Former NSA Senior Executive Pleads Guilty to Unauthorized Access of Government Computer
WASHINGTON - Former National Security Agency (NSA) senior executive Thomas A. Drake pleaded guilty today in U.S. District Court in Baltimore to a one-count criminal information charging him with unauthorized access of an NSA computer, announced Assistant Attorney General Lanny A. Breuer of the Justice Department’s Criminal Division.
Drake, 54, pleaded guilty before U.S. District Court Judge Richard D. Bennett to the misdemeanor offense of intentionally exceeding the authorized access of a computer. Sentencing is scheduled for July 15, 2011, at 3:00 p.m. EDT.
“Today, Thomas Drake admitted that he illegally accessed classified NSA computer systems to obtain information that he then provided to another person who had no authorization to receive it As today’s guilty plea shows, in cases involving classified information, we must always strike the careful balance between holding accountable those who break our laws, while not disclosing highly-sensitive information that our intelligence agencies conclude would be harmful to our nation’s security if used at trial,” said Assistant Attorney General Breuer. “Individuals who are granted special access to our nation’s most sensitive information cannot unilaterally decide to disregard the law and agreements they make with the government on how that information may be handled.”
According to the statement of facts, Drake worked as an employee of the NSA from August 2001 through April 2008. In connection with his employment, Drake was granted a Top Secret clearance and had access to classified computer systems, such as the NSA’s internal intranet or NSANet. Drake received various security briefings regarding the handling restrictions and requirements involving official NSA information, and knew that the NSA restricted the use of and access to its computers and NSANet for official use only.
According to the statement of facts, from approximately February 2006 through March 2007, Drake intentionally accessed NSANet, obtained NSA information and provided the information to another person not permitted or authorized to receive it.

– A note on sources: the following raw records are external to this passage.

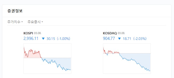 2021.03.08 기준 코스피, 코스닥 지수
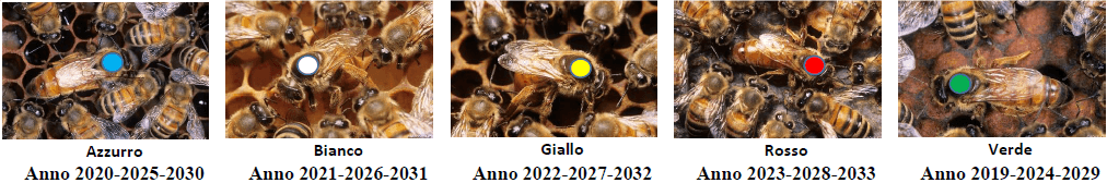 Infatti nelle mie regine per la produzione di miele non uso colori. Tengo un registro ed una puntina sull’arnia per ricordarmi l’anno di nascita.
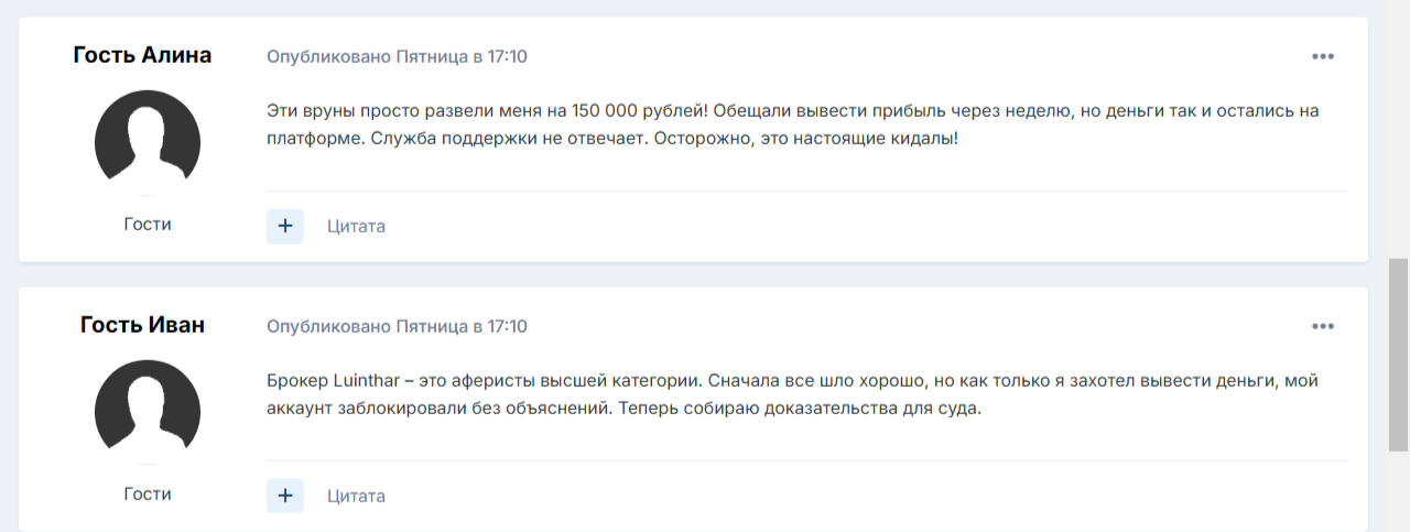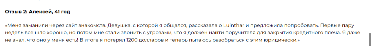 Луинтхар не демонстрирует на сайте отзывы благодарных клиентов. Возможно, потому, что их просто нет.

Also today, in exchange for the defendant’s guilty plea, the government filed a motion to dismiss, at the time of sentencing, the pending indictment against Drake. Drake was charged in an April 2010 indictment with willful retention of classified information, obstruction of justice and false statements.
According to the government’s motion, pre-trial rulings by the court under the Classified Information Procedures Act (CIPA) would have required that highly classified information appear, without substitution, in exhibits made publicly available at trial. The NSA concluded that such disclosure would harm national security. According to the filing, in CIPA litigation, the parties indicate what classified information they reasonably expect to disclose thorough evidence, and the court makes determinations on how and what classified information may be used at trial. The government then must make a determination whether the disclosure of that classified information could harm national security, and accordingly how the prosecution is impacted.
The case is being prosecuted by Senior Litigation Counsel William M. Welch II of the Criminal Division and Trial Attorney John P. Pearson of the Criminal Division’s Public Integrity Section. This case was investigated by the FBI and the NSA Office of Security & Counterintelligence. The National Security Division also provided assistance in this matter.